Notes and Suggestions for Botanical Garden Surveyors - Part 5

By Walt Dunlap, Mapping Specialist, The New York Botanical Garden
© 1999 The New York Botanical Garden
As a mapping specialist at The New York Botanical Garden and a professional land surveyor for the last 20 years, I am offering consulting services on land surveying to any garden that is mapping or planning to map their collections or garden.
 

| The Difference between Accuracy and Precision | | Effects of Temperature and Pressure |
|
Leveling Vials - Meaning of Graduations |

 

The Difference between Accuracy and Precision

It's possible to look up precision in a thesaurus and find accuracy as its synonym; however, there are shades of meaning between the two. Professionals, such as surveyors, seek to preserve this distinction. It's quite possible to have very precise measurements that are wildly inaccurate. Let's say you are measuring with a total station to the nearest 5" horizontally and 0.01' for distance. These are fairly precise levels of measurement, but if you are using the wrong initial azimuth then your results will be totally inaccurate.

Accuracy relates to the exactness of the result, the closeness of the observations to the true value. Precision relates to the operation used to derive the result, such as using a tape measure graduated in meters versus millimeters.

Effects of Temperature and Pressure

A total station, like every EDM, electronic distance measurer, has an allowance for adjustment of distances based on the current temperature and pressure. Most instruments employ a projected infrared beam that is reflected from the prism directly back to the source. It is NOT A LASER. The prism is technically a dodecahedron, and it functions normally within 12.5° of its center point, although the tilting prisms allow better vertical pointing to the instrument. Since the wavelength of infrared is a known constant, the instrument can calculate the distance the wave travels. The only applicable variables are temperature and pressure. The correction is normally a minor one unless you work in extreme conditions. At 59° F and 29.9 in.
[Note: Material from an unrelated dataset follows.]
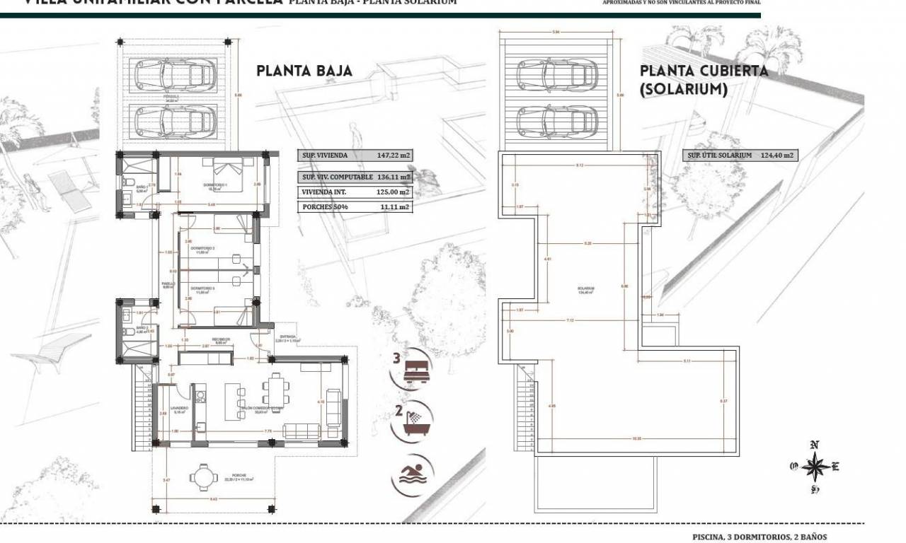 New Build Villa with Private Pool in Vistabella, Jacarilla Exclusive New Build Villa in a Natural and Golf Setting This new build villa under self promotion regime is located in the peaceful area of Vistabella, within the municipality of Jacarilla. Set in a natural environment between the Vistabella Golf course and the La Pedrera reservoir, this property offers privacy, open views and a relaxed Mediterranean lifestyle. The area is ideal for those seeking tranquility while remaining close to the coast, golf courses and everyday services. Vistabella is a well known residential area popular with international buyers thanks to its golf course, local restaurants and proximity to Orihuela Costa and Torrevieja. Jacarilla maintains its traditional Spanish charm, offering local shops, services and a friendly atmosphere all year round. Modern Single Level Layout with Spacious Outdoor Areas The villa is distributed on one single floor and has been designed to combine comfort, functionality and natural light. It offers 3 bedrooms and 2 bathrooms, including a master bedroom with ensuite bathroom. The open plan living and dining area connects seamlessly with the modern kitchen, creating a bright and welcoming living space. A covered terrace of 22 sqm provides direct access to the private garden, where a private swimming pool and landscaped areas invite you to enjoy the outdoor lifestyle. The generous 750 sqm plot also includes on plot parking space for two vehicles. Private Solarium with Open Views One of the highlights of this villa is the impressive private solarium of 120 sqm, accessed via an external staircase. From here, you can enjoy open panoramic views of the surrounding countryside, perfect for sunbathing, entertaining or relaxing throughout the year. Quality Specifications and Energy Efficient Features The villa is built with quality materials and modern specifications to ensure comfort and efficiency. Features include a reinforced security entrance door, aerothermal system for domestic hot water, electric blinds in the living room and bedrooms, and preinstallation of ducted air conditioning. These elements provide an ideal base for a comfortable and energy efficient home. Excellent Location Close to Golf, Nature and the Coast Vistabella Golf is located approximately 2 km away, while the La Pedrera reservoir is just 1.5 km from the property, ideal for nature lovers and outdoor activities. The beaches of Orihuela Costa are around 15 km away. Alicante International Airport is approximately 55 km away, offering easy connections to major European destinations. Several additional golf courses and shopping areas can be reached within 10 to 15 km. A Unique Opportunity on the Costa Blanca This new build villa in Vistabella is perfect as a permanent residence, holiday home or investment opportunity in a sought after location. Contact us today to receive more information and secure your new home in the heart of the Costa Blanca.

Hg, the correction is 0.

For a location near sea level a setting of 29.9" for pressure and a daily adjustment for the temperature should suffice for accuracy. If you have doubts, try changing the settings to see how much your average distances are affected or be more scrupulous in your routine to reset the PPM at every reasonable chance based on reported or observed readings. For shots greater than a thousand feet you should always use the PPM correction supplied by the instrument manufacturer.

Leveling Vials - Meaning of Graduations

When I took an Agriculture Engineering course in college, I found out just how many people hadn't the faintest idea how to tune an engine. There's nothing surprising in this, except that I'm absolutely sure there had been lots of bragging and discussion of "tune-ups", "lean and rich mixes", "T.D.C.", etc., going on for years among them. In the same vein, there are uninformed instrument operators who assume that the graduations of the level vial just below the telescope have some relationship to angular measurements. This is reflected in the mistaken belief that the divisions of the vial directly indicate an angular error in proportion to the horizontal angle turned. The listed notations (e.g., 30"/2 MM) are a measure of the arc of the vial and its precision. The accuracy of the leveling does affect angles but not so directly.